Please see this [configuration](docs/configuration.md) document for more details about configuring vmpooler via environment variables.
The following YAML configuration sets up two pools, `debian-7-i386` and `debian-7-x86_64`, which contain 5 running VMs each:
```
---
:providers:
:vsphere:
server: 'vsphere.example.com'
username: 'vmpooler'
password: 'swimsw1msw!m'
:redis:
server: 'redis.example.com'
:config:
logfile: '/var/log/vmpooler.log'
:pools:
- name: 'debian-7-i386'
template: 'Templates/debian-7-i386'
folder: 'Pooled VMs/debian-7-i386'
pool: 'Pooled VMs/debian-7-i386'
datastore: 'vmstorage'
size: 5
provider: vsphere
- name: 'debian-7-x86_64'
template: 'Templates/debian-7-x86_64'
folder: 'Pooled VMs/debian-7-x86_64'
pool: 'Pooled VMs/debian-7-x86_64'
datastore: 'vmstorage'
size: 5
provider: vsphere
```
See the provided YAML configuration example, [vmpooler.yaml.example](vmpooler.yaml.example), for additional configuration options and parameters or for supporting multiple providers.
### Running via Docker
A [Dockerfile](/docker/Dockerfile) is included in this repository to allow running vmpooler inside a Docker container. A configuration file can be used via volume mapping, and specifying the destination as the configuration file via environment variables, or the application can be configured with environment variables alone. The Dockerfile provides an entrypoint so you may choose whether to run API, or manager services. The default behavior will run both. To build and run:
```
docker build -t vmpooler . && docker run -e VMPOOLER_CONFIG -p 80:4567 -it vmpooler
```
To run only the API and dashboard
```
docker run -p 80:4567 -it vmpooler api
```
To run only the manager component
```
docker run -it vmpooler manager
```
### docker-compose
A docker-compose file is provided to support running vmpooler easily via docker-compose. This is useful for development because your local code is used to build the gem used in the docker-compose environment.
```
docker-compose -f docker/docker-compose.yml up
```
### Running Docker inside Vagrant
A vagrantfile is included in this repository. Please see [vagrant instructions](docs/vagrant.md) for details.
## API and Dashboard
vmpooler provides an API and web front-end (dashboard) on port `:4567`. See the provided YAML configuration example, [vmpooler.yaml.example](vmpooler.yaml.example), to specify an alternative port to listen on.
### API
vmpooler provides a REST API for VM management.
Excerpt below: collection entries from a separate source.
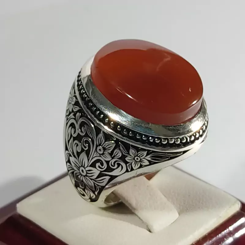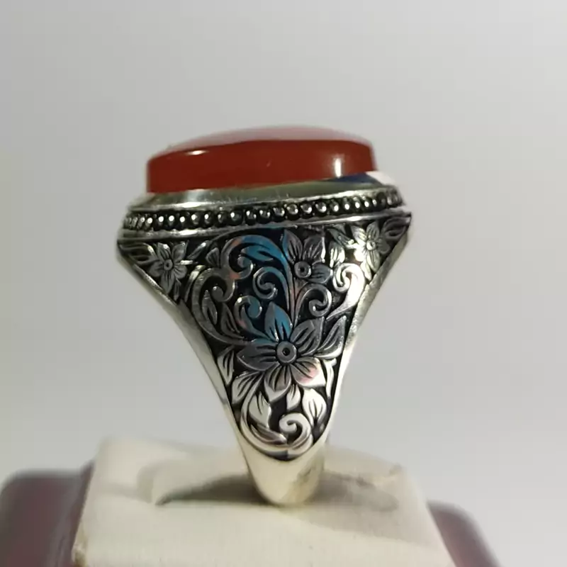 انگشتر عقیق سرخ یمنی اعلا با رکاب دست ساز سفارشی کلکسیونی و قلمکاری حرفه ای بسیار دقیق و منظم
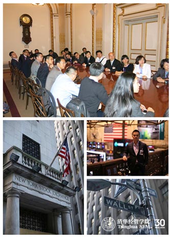2013年9月29日至10月5日,清华MBA《全球资本市场导论》课程美国模块在纽约、波士顿两地展开。在清华经管学院副院长郦金梁教授的带领下,31名清华MBA学生和校友走访参观了彭博集团总部、美联储纽约银行、纽约证券交易所、中信证券美国公司、花旗银行等机构,并与有关高层管理人员座谈。模块还包括在美国金融博物馆、西点军校和哈佛大学举办的四堂定制课程和其他定制活动。
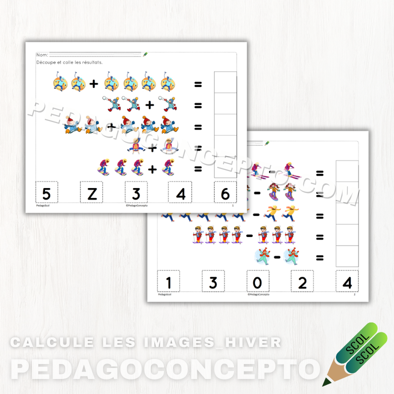 L’élève compte combien il y a d’images et additionne ou soustrait.
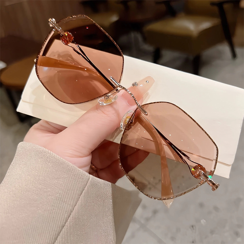 These "barely there" rimless glasses let your style shine with all-day comfort. Irregular lenses with gold powder adorning the edges add a touch of sophistication to this frame. Metal temples decorated with topaz and marbled temple tips enhance the elegant style.

See the [API documentation](docs/API.md) for more information.
### Dashboard
A dashboard is provided to offer real-time statistics and historical graphs. It looks like this:
![dashboard](https://raw.github.com/sschneid/vmpooler/gh-pages/img/screenshots/dashboard.png)
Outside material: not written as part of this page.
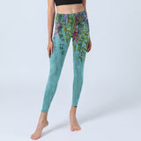 Buddha Stones Vibrant Flowers Green Willow Leaves Print Gym Leggings Women's Yoga Pants
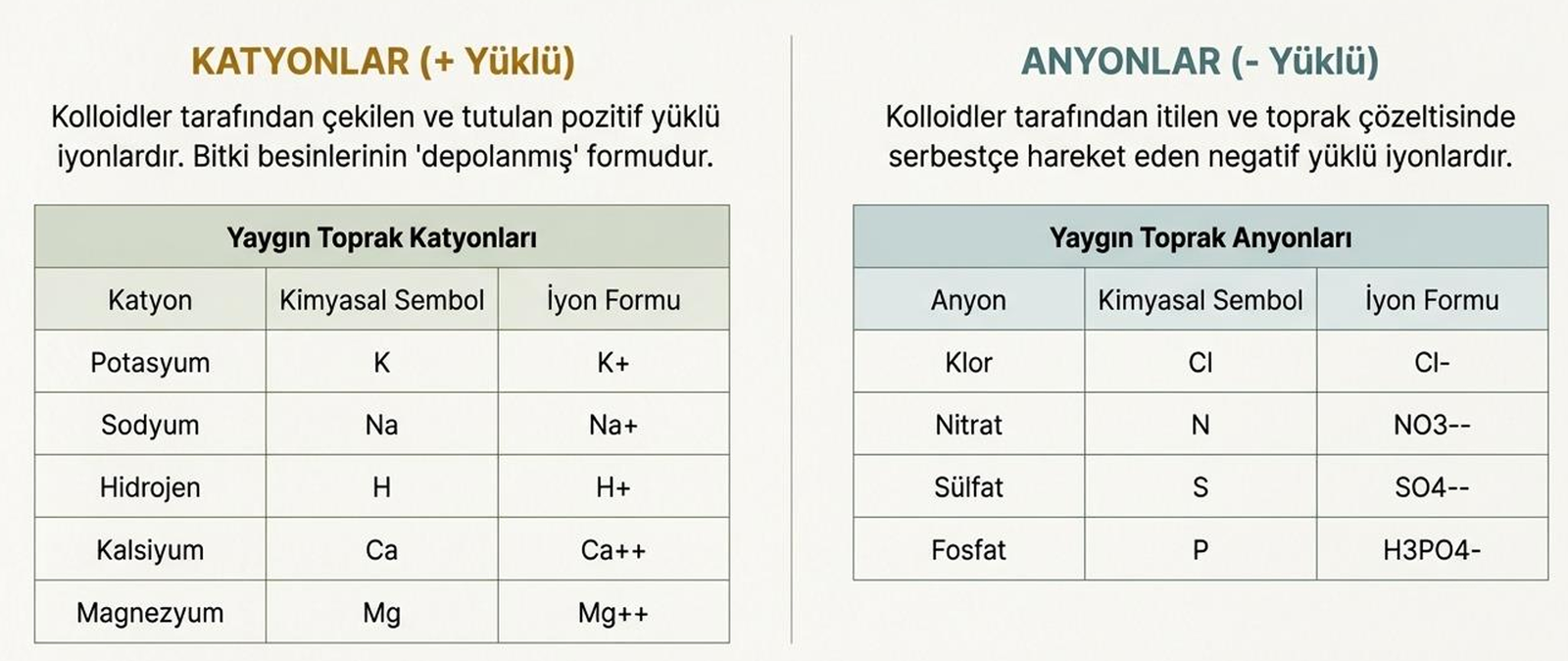 Elektrik yüklü elementlere “iyon” denir. Toprak kimyasında bu iyonlariki ana gruba ayrılır ve bitki beslenmesinde kritik rol oynarlar.

[Graphite](http://graphite.wikidot.com/) is required for historical data retrieval. See the provided YAML configuration example, [vmpooler.yaml.example](vmpooler.yaml.example), for details.
## Command-line Utility
- [vmfloaty](https://github.com/briancain/vmfloaty) is a ruby based CLI tool and scripting library written in ruby.
## Vagrant plugin
- [vagrant-vmpooler](https://github.com/briancain/vagrant-vmpooler) Use Vagrant to create and manage your vmpooler instances.
## Development and further documentation
For more information about setting up a development instance of vmpooler or other subjects, see the [docs/](docs) directory.
## Build status
[![Build Status](https://travis-ci.org/puppetlabs/vmpooler.png?branch=master)](https://travis-ci.org/puppetlabs/vmpooler)
## License
vmpooler is distributed under the [Apache License, Version 2.0](http://www.apache.org/licenses/LICENSE-2.0.html). See the [LICENSE](LICENSE) file for more details.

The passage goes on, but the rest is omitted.